# Different device name for usb disks

## fikiz

Hi all.

I just fu***d up my system writing an image file onto /dev/sda, just because one moment ago /dev/sda was the same usb drive on my Raspberry PI. #@!?£$@%(!$!"$@!!!!!!! I lost MBR, boot partition and one LVM logical volume; I'm still evaluating the damage size but this isn't (still) my question.

Is it possible to write an udev rule to name differently all usb storage devices? HDD, pendrives, enumerating their partitions too (possibly not usb dvd drives, /dev/sr0 is ok)? Could you help me to do that?

Thanks!

----------

## frostschutz

Those udev rules exist by default, have a look around in /dev/disk/.../...

For more descriptive names use labels, and partlabels (but have a care to give only unique label names)

----------

## fikiz

I know, but I'm looking for something like:

/dev/usba = first usb drive

/dev/usbb = second usb drive

just like /dev/sda and /dev/sdb are first and second storage device.

----------

## Naib

Its not as simple as that... 

USB is a hotswappable and thus the default /dev label is provided based upon detection. aspects of the USB hub startup can easily re-order w.r.t. USB what physical device is assigned a node.

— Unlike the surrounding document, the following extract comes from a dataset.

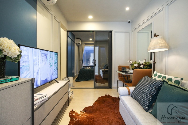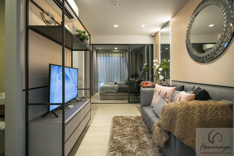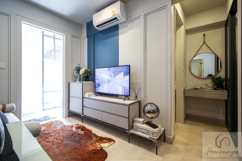 ภายในห้องก็จะได้เฟอร์นิเจอร์บิวท์อิน-ลอยตัวที่ออกแบบมาให้ลงตัว Lay-Out ครบชุดเช่นเดียวกัน Mood & Tone ของเฟอร์นิเจอร์จะมาในโทนสีเทา ตัดกับเฟอร์นิเจอร์ลายไม้ ขับให้ห้องดูโปร่ง กว้าง สว่าง สบายตา เติมบรรยากาศให้ห้องดูสดชื่น และ น่าอยู่อาศัยได้เป็นอย่างดี
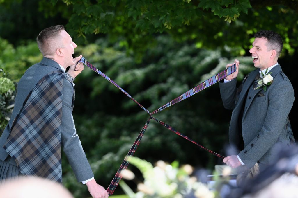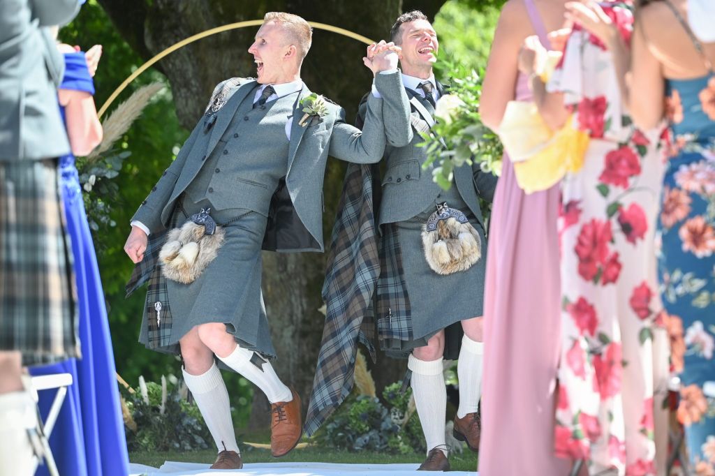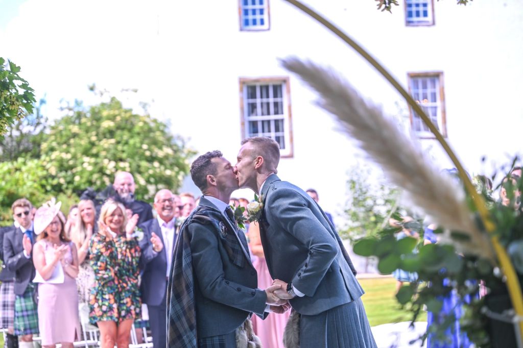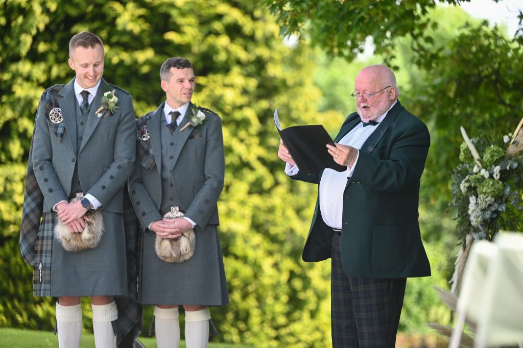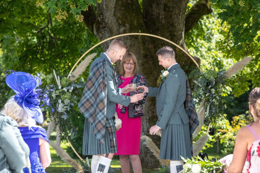 Wedding planning began and the original date was to be during the short window of opportunity that they were both aged 30 but a pandemic changed all their plans – here we are today – Douglas is still 30, but unfortunately Ross has moved on to the ripe old age of 31. It is great to see so many of you have made the journey to be here for them both today on their wedding day – even if it is 357 days later than planned.

This is why udev rules exist to latch onto UUID to assign specific node labels to specific devices, independent of the detection order

----------

## fikiz

I understand.

I'll try to make a habit going deep into /dev/disk/... when I'm doing these kind of things.

Anyway, if anybody had an idea, I'm listening  :Smile: 

Bye

----------

## Roman_Gruber

 *Quote:*   

> A universally unique identifier (UUID) is an identifier standard used in software construction. A UUID is simply a 128-bit value. The meaning of each bit is defined by any of several variants.

 

I think thats the reason why UUIDs exists

Well this issue exists since windi95 days. 

When i do critical things i run parted to verify on which disc i do changes.

There is no guarantee on how devices are numbered

----------